» **WHAT TO WORK ON**
Repeat every line of the data exactly, but not the pictures.
[STORED DATA]
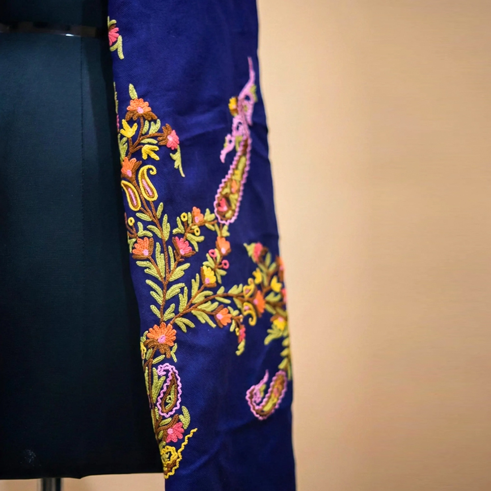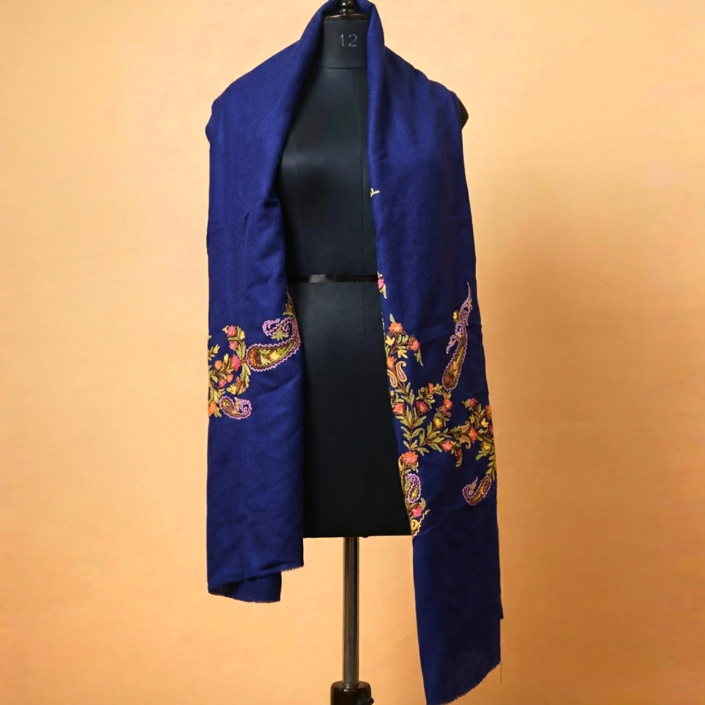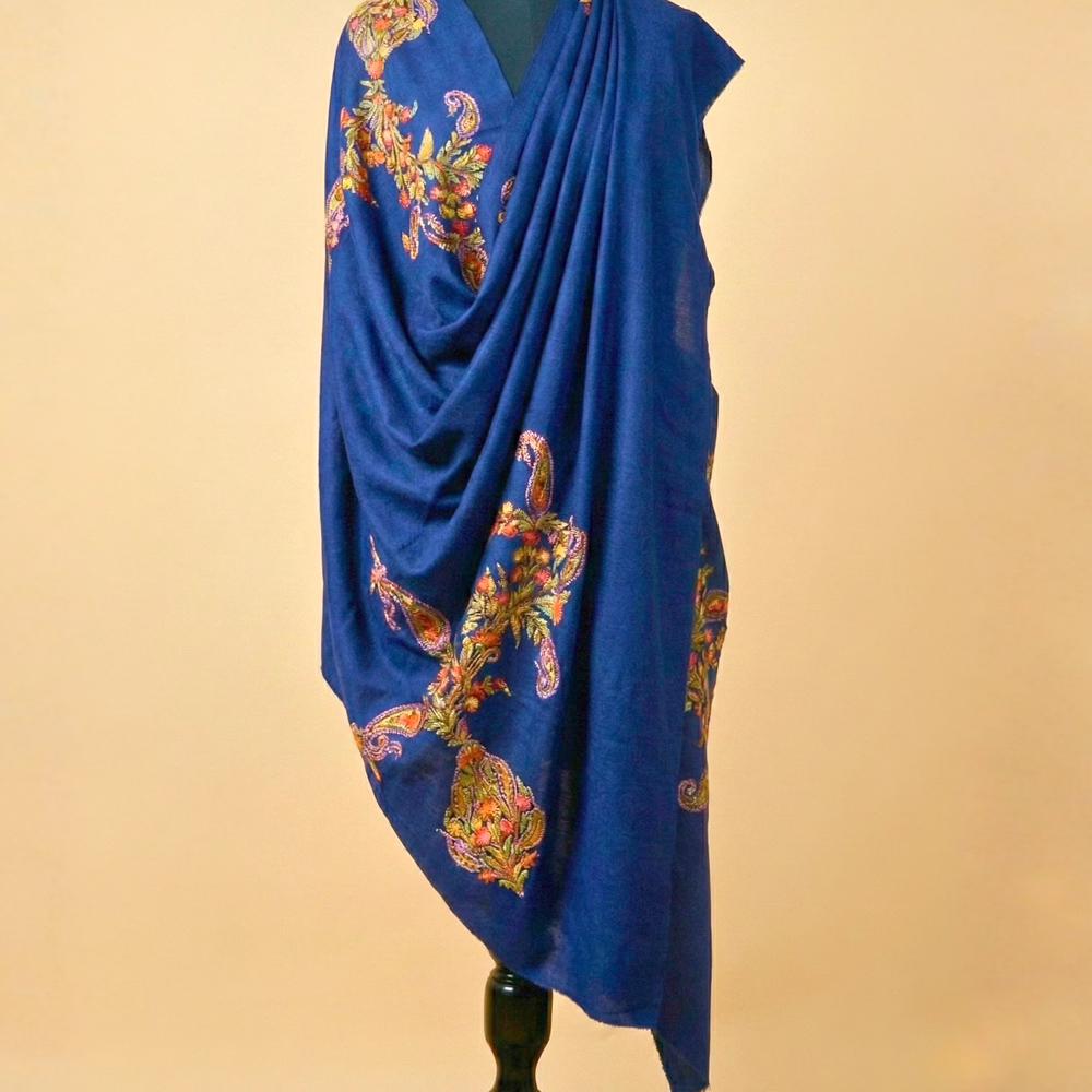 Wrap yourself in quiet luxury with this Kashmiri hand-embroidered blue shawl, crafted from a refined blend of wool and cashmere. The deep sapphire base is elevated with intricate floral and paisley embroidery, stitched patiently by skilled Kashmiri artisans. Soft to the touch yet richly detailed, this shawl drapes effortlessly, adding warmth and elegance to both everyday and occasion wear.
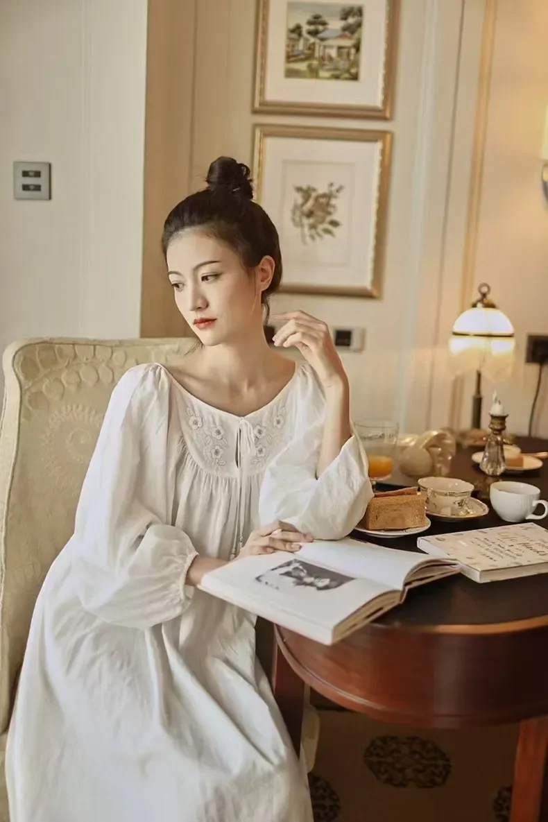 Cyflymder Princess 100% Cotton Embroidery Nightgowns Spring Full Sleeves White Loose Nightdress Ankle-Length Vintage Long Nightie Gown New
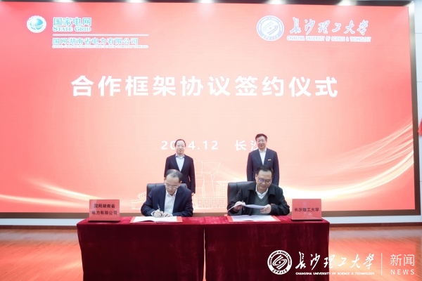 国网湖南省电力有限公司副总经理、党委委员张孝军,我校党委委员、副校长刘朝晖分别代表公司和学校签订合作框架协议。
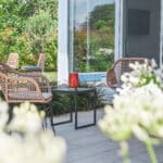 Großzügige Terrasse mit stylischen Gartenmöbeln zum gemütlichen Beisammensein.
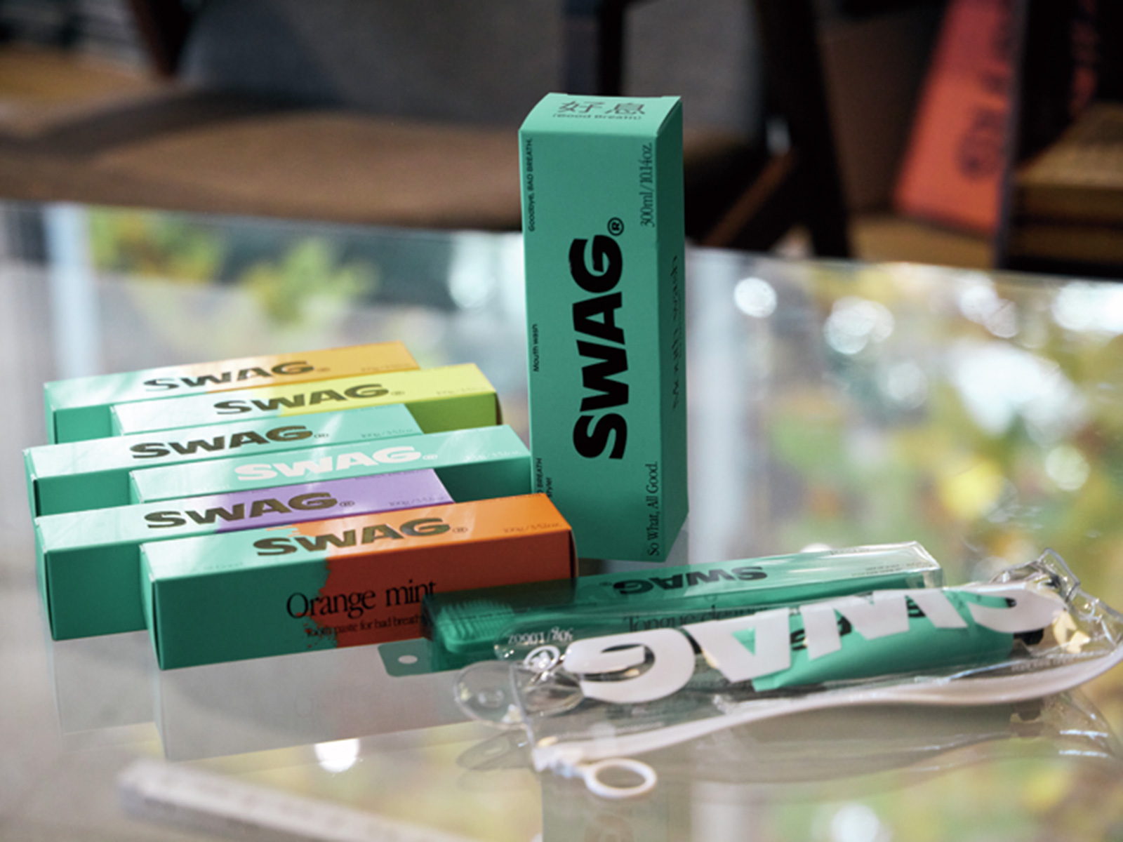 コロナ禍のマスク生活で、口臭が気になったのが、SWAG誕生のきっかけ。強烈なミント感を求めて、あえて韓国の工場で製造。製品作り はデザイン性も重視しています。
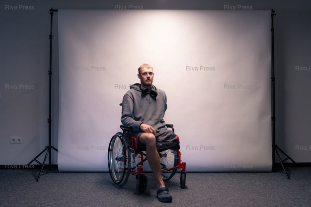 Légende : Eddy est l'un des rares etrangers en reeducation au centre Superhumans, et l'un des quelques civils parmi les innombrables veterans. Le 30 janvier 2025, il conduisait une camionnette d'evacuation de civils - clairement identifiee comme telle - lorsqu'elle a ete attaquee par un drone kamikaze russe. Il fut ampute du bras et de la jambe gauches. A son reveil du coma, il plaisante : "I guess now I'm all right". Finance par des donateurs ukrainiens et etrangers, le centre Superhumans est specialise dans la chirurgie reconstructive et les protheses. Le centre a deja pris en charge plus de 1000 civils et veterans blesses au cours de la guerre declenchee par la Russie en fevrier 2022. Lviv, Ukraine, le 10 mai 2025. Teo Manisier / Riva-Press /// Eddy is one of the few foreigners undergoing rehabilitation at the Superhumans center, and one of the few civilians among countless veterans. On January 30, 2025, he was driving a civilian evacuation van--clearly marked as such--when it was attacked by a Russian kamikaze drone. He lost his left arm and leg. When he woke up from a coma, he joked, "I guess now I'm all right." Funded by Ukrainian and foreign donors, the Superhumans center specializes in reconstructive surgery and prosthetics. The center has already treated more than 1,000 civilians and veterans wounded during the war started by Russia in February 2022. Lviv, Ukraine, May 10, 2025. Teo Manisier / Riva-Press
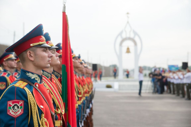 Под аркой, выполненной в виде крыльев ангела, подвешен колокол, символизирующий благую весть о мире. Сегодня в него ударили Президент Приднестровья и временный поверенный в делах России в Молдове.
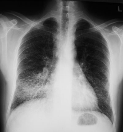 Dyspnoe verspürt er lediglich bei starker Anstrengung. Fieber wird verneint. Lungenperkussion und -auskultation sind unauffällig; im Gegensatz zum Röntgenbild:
[/STORED DATA]
» **THE ANSWER**
 Wrap yourself in quiet luxury with this Kashmiri hand-embroidered blue shawl, crafted from a refined blend of wool and cashmere. The deep sapphire base is elevated with intricate floral and paisley embroidery, stitched patiently by skilled Kashmiri artisans. Soft to the touch yet richly detailed, this shawl drapes effortlessly, adding warmth and elegance to both everyday and occasion wear.
 Cyflymder Princess 100% Cotton Embroidery Nightgowns Spring Full Sleeves White Loose Nightdress Ankle-Length Vintage Long Nightie Gown New
 国网湖南省电力有限公司副总经理、党委委员张孝军,我校党委委员、副校长刘朝晖分别代表公司和学校签订合作框架协议。
 Großzügige Terrasse mit stylischen Gartenmöbeln zum gemütlichen Beisammensein.
 コロナ禍のマスク生活で、口臭が気になったのが、SWAG誕生のきっかけ。強烈なミント感を求めて、あえて韓国の工場で製造。製品作り はデザイン性も重視しています。
 Légende : Eddy est l'un des rares etrangers en reeducation au centre Superhumans, et l'un des quelques civils parmi les innombrables veterans. Le 30 janvier 2025, il conduisait une camionnette d'evacuation de civils - clairement identifiee comme telle - lorsqu'elle a ete attaquee par un drone kamikaze russe. Il fut ampute du bras et de la jambe gauches. A son reveil du coma, il plaisante : "I guess now I'm all right". Finance par des donateurs ukrainiens et etrangers, le centre Superhumans est specialise dans la chirurgie reconstructive et les protheses. Le centre a deja pris en charge plus de 1000 civils et veterans blesses au cours de la guerre declenchee par la Russie en fevrier 2022. Lviv, Ukraine, le 10 mai 2025. Teo Manisier / Riva-Press /// Eddy is one of the few foreigners undergoing rehabilitation at the Superhumans center, and one of the few civilians among countless veterans. On January 30, 2025, he was driving a civilian evacuation van--clearly marked as such--when it was attacked by a Russian kamikaze drone. He lost his left arm and leg. When he woke up from a coma, he joked, "I guess now I'm all right." Funded by Ukrainian and foreign donors, the Superhumans center specializes in reconstructive surgery and prosthetics. The center has already treated more than 1,000 civilians and veterans wounded during the war started by Russia in February 2022. Lviv, Ukraine, May 10, 2025. Teo Manisier / Riva-Press
 Под аркой, выполненной в виде крыльев ангела, подвешен колокол, символизирующий благую весть о мире. Сегодня в него ударили Президент Приднестровья и временный поверенный в делах России в Молдове.
 Dyspnoe verspürt er lediglich bei starker Anstrengung. Fieber wird verneint. Lungenperkussion und -auskultation sind unauffällig; im Gegensatz zum Röntgenbild:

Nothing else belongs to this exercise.